Government agency in Tripura, India

Tripura Road Transport Corporation (TRTC), is the government agency overlooking public road transport in Tripura, India.

The transport department of Tripura, a public undertaking, is considered eligible under the provisions of the 2005 Right to Information Act. It is the only government body responsible for all transport-related issues and manages numerous areas. The headquarters is located in the western districts of Tripura, housing the office of the joint transport commissioner, with additional offices situated in the northern, southern, and Dhalai regions. The main branch office is in Dharmanagar. Another unit is at Churaibari Gate, primarily responsible for inspecting all vehicles passing through that road for toll tax.

==Administration==
TRTC is governed by the transport minister of Tripura.
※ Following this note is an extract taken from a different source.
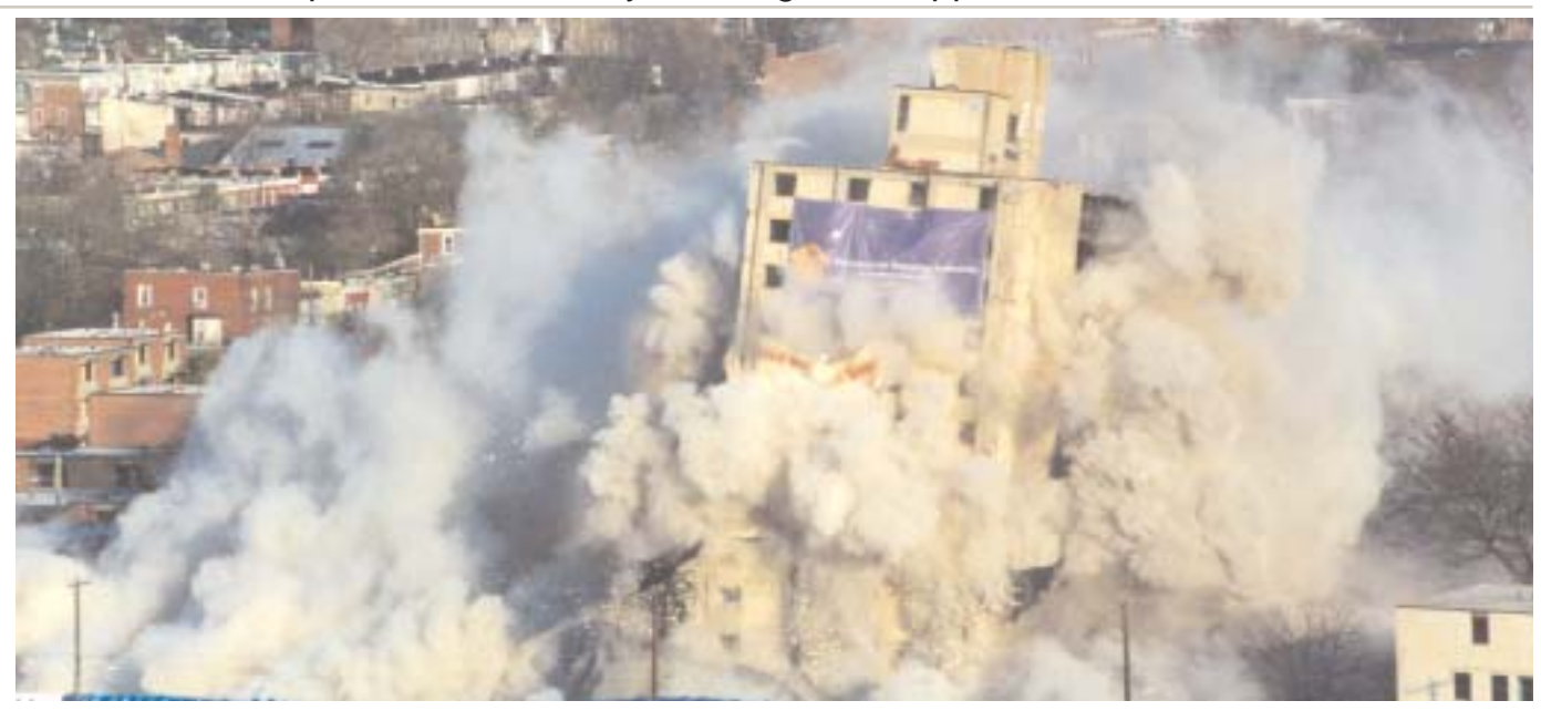
Mill Creek Implosion

PHA communities have suffered from decades of neglect and under-funding. Therefore, over the past five years, one of PHA's primary areas of focus has been to obtain the resources needed to fully revitalize existing public housing communities and to move construction activities forward at a fast pace. In addition, new development activities are also a priority for PHA as they can offset the loss of units resulting from density reduction at HOPE VI sites and contribute greatly to the City's neighborhood revitalization efforts.

The departmental commissioner, respective secretary, and other officers of that particular section head the jurisdiction and operations fully. As the government, higher authorities control every function and they form the regulations. They have also formed different acts for the better running the transport system, which are: State Transport and regional Authority of transport, Motor vehicle, Transport Corporation.

Apart from making decisions as to the movement of the vehicle, they also handle development issues, which include building roads, installing street lights, and handling all management functions.

==Hiring of buses==
TRTC also hires buses and taxis at varying rates.